AVAILABLE DATA -
------------------------------------------------------------------------
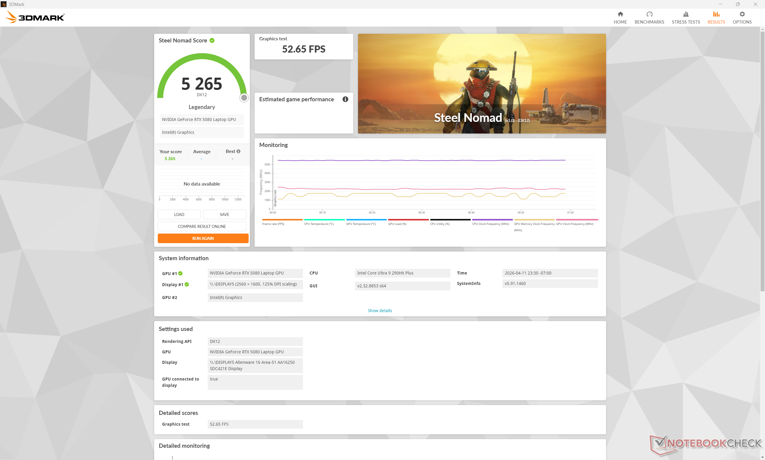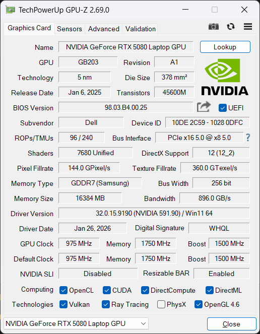| Alienware 16 Area-51 Core Ultra 9 290HX Plus GeForce RTX 5080 Laptop, SK hynix PCB01 HFS001TFM9X186N, OLED, 2560x1600, 16" | Alienware 16 Area-51 Ultra 9 275HX, GeForce RTX 5080 Laptop, Samsung PM9C1a MZ9L81T0HDLB, IPS, 2560x1600, 16" | Lenovo Legion Pro 7i 16 Gen 10 Ultra 9 275HX, GeForce RTX 5080 Laptop, SK Hynix HFS001TEJ9X115N, OLED, 2560x1600, 16" | HP Omen Max 16 ah000 Ultra 9 275HX, GeForce RTX 5090 Laptop, WDC PC SN810 2TB, OLED, 2560x1600, 16" | MSI Vector 16 HX AI A2XWHG Ultra 7 255HX, GeForce RTX 5070 Ti Laptop, Micron 2400 MTFDKBA512QFM, IPS, 2560x1600, 16" | Asus ROG Zephyrus G16 GU605CW Ultra 9 285H, GeForce RTX 5080 Laptop, Micron 2500 2TB MTFDKBA2T0QGN-1BN1AABGA, OLED, 2560x1600, 16" | |
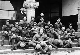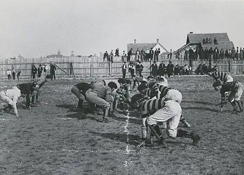 Needed improvements were made to the football grounds, including construction of a covered grandstand at a cost of $424 and a new fence costing about $250 more.[3] The fence was needed to replace one that was so low that it could be climbed by small boys seeking to see the game without buying tickets.[3] About 30 men came out daily for football practice, to be drilled in the basic skills of the game.[3]
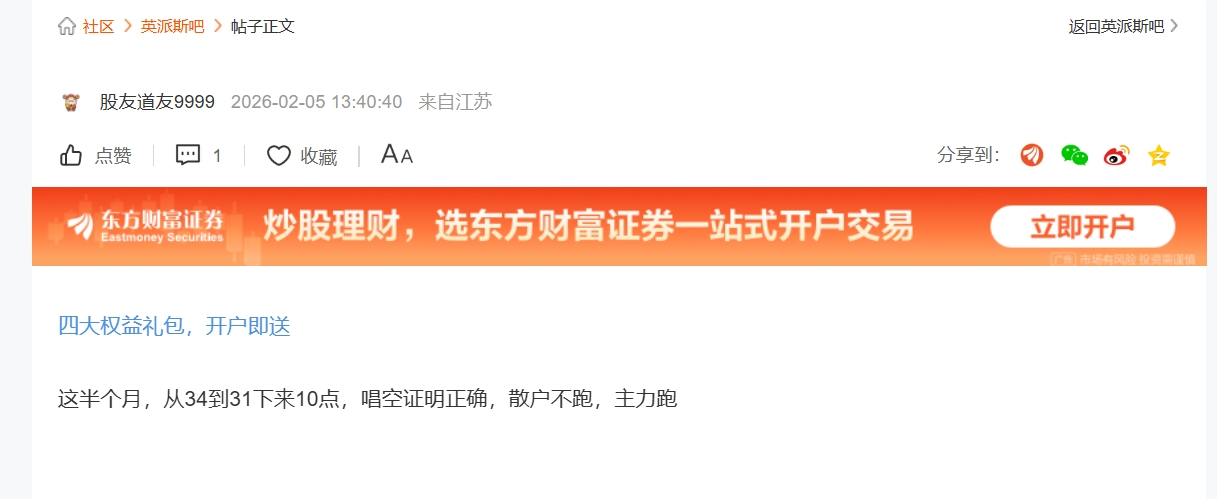 温馨提示: 1.根据《证券法》规定,禁止编造、传播虚假信息或者误导性信息,扰乱证券市场;2.用户在本社区发表的所有资料、言论等仅代表个人观点,与本网站立场无关,不对您构成任何投资建议。用户应基于自己的独立判断,自行决定证券投资并承担相应风险。《东方财富社区管理规定》
------------------------------------------------------------------------
Without the pictures, write out every line above exactly as it appears.

| Alienware 16 Area-51 Core Ultra 9 290HX Plus GeForce RTX 5080 Laptop, SK hynix PCB01 HFS001TFM9X186N, OLED, 2560x1600, 16" | Alienware 16 Area-51 Ultra 9 275HX, GeForce RTX 5080 Laptop, Samsung PM9C1a MZ9L81T0HDLB, IPS, 2560x1600, 16" | Lenovo Legion Pro 7i 16 Gen 10 Ultra 9 275HX, GeForce RTX 5080 Laptop, SK Hynix HFS001TEJ9X115N, OLED, 2560x1600, 16" | HP Omen Max 16 ah000 Ultra 9 275HX, GeForce RTX 5090 Laptop, WDC PC SN810 2TB, OLED, 2560x1600, 16" | MSI Vector 16 HX AI A2XWHG Ultra 7 255HX, GeForce RTX 5070 Ti Laptop, Micron 2400 MTFDKBA512QFM, IPS, 2560x1600, 16" | Asus ROG Zephyrus G16 GU605CW Ultra 9 285H, GeForce RTX 5080 Laptop, Micron 2500 2TB MTFDKBA2T0QGN-1BN1AABGA, OLED, 2560x1600, 16" | |
 Needed improvements were made to the football grounds, including construction of a covered grandstand at a cost of $424 and a new fence costing about $250 more.[3] The fence was needed to replace one that was so low that it could be climbed by small boys seeking to see the game without buying tickets.[3] About 30 men came out daily for football practice, to be drilled in the basic skills of the game.[3]
 温馨提示: 1.根据《证券法》规定,禁止编造、传播虚假信息或者误导性信息,扰乱证券市场;2.用户在本社区发表的所有资料、言论等仅代表个人观点,与本网站立场无关,不对您构成任何投资建议。用户应基于自己的独立判断,自行决定证券投资并承担相应风险。《东方财富社区管理规定》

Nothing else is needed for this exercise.